As part of the transition to the new Australian Health Practitioner Regulatory Agency (AHPRA) the regulated professions have been asked to sign up to Codes of Conduct proposed by the new Boards which have been created. A split appears to be looming between the Chiropractic Board of Australia (CBA) and a number of the major professional organizations over the Code of Conduct for registered chiropractors.

The CBA website shows the Code of Conduct, and they have also taken the step of publishing the submissions by organizations and individuals which informed its development. The Code and submissions can be found at http://www.chiropracticboard.gov.au/Codes-and-Guidelines.aspx

Whilst there are the obvious typo corrections and suggestions for re-wording the bureaucratic language of the Code, there are also some indications in the submissions of deep division between the CBA and the major chiropractic professional organizations, particularly in the areas of public health, informed financial consent and the use of x-rays.

With regards to public health issues, there appears to be reluctance on the part of the Chiropractic Association of Australia (National) (CAAN) and its state bodies to embrace the fairly uncontroversial proposition that health professionals of any stripe have public health responsibilities with regard to the spread of communicable diseases. The CAA Victorian Branch submission specifically disclaims such a responsibility
‘We note a statement in section 1.2, 3rd paragraph that chiropractors have a role to not only promote health but to protect the health of the community. We would seek some clarification from the CBA as to how it understands that Chiropractors could protect the community’s health.

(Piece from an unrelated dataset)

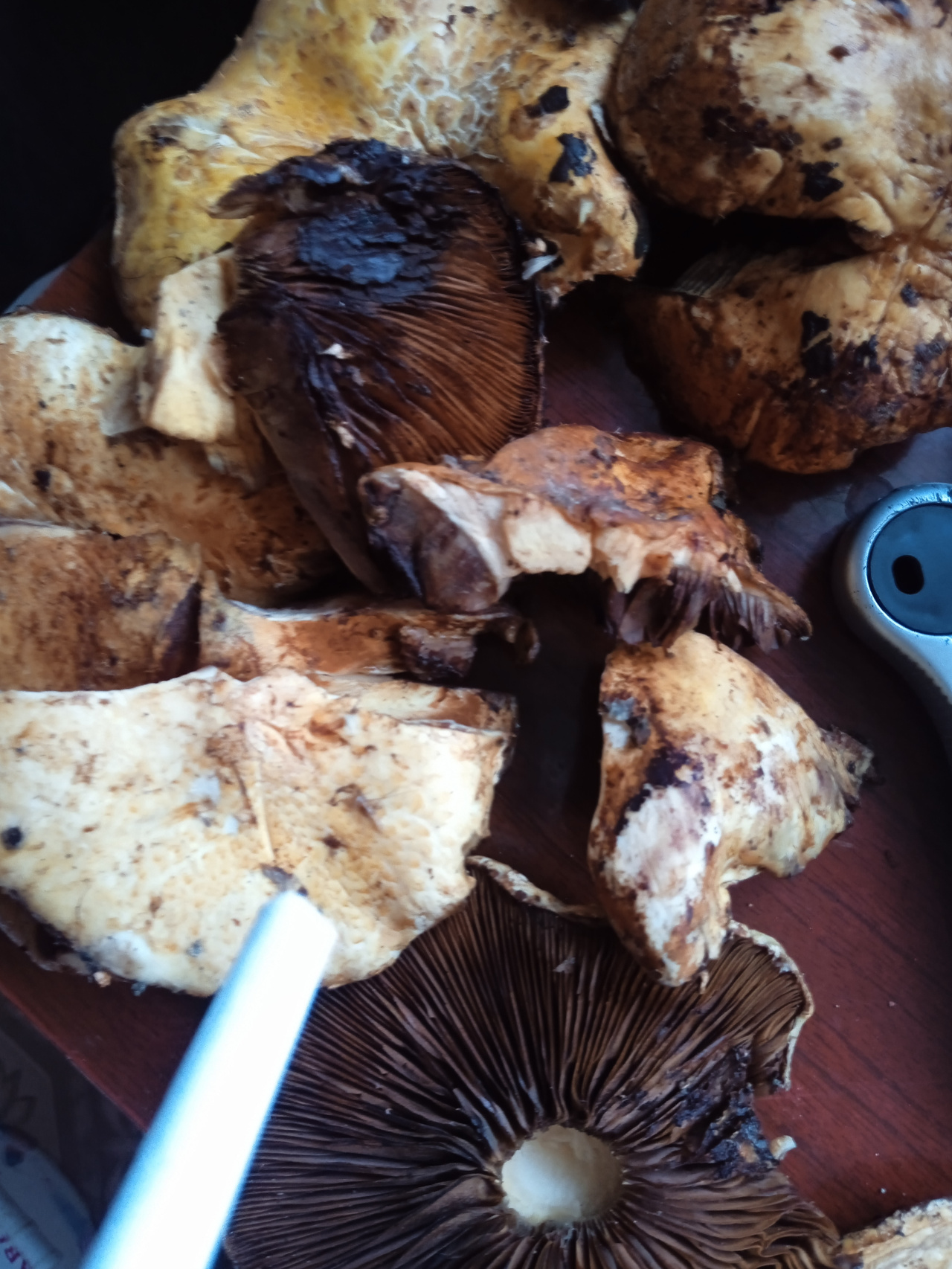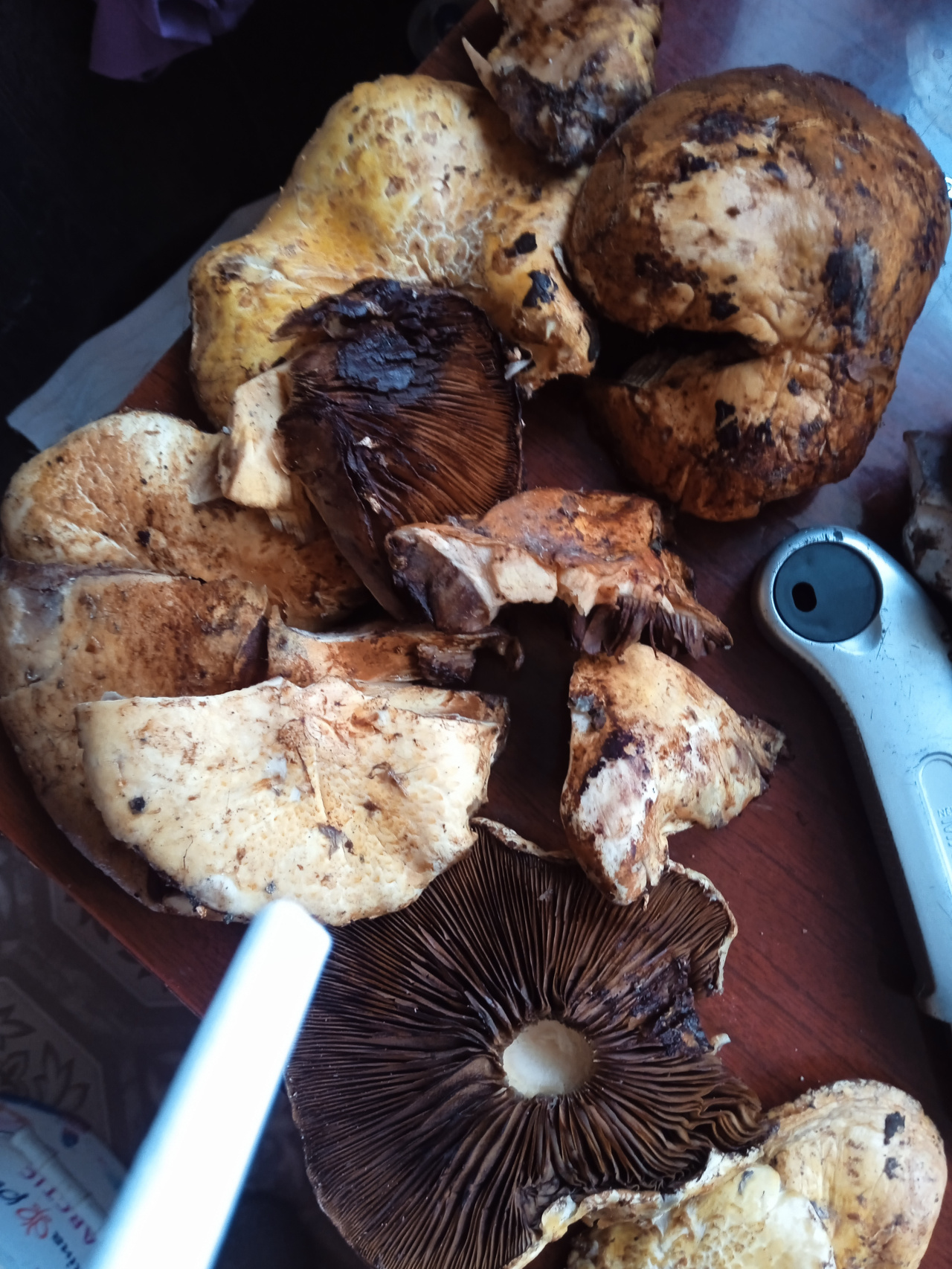 Описание гриба: Запах приятный.Собрар на дереве метра два три от земли. Растут из под коры дерева.тополь серебристый и простой тополь..цвет жёлтый с верху .низ Кричневатый.при нажатие на срез цвет не меняет

The SA branch of CAA (CAASA) submission recommends removing a clause about chiropractors ‘understanding the principles of immunisation against communicable diseases’ because
‘Understanding the principles of a singled out particular public health procedure is inappropriate and certainly incomplete. There are many other public health procedures, eg hand washing or equipment cleaning that are not listed; it is incomplete to single one out.’

The NSW Branch agrees
‘CAANSW questions why chiropractors need to understand the principles of immunization. This is not within the scope of chiropractic.’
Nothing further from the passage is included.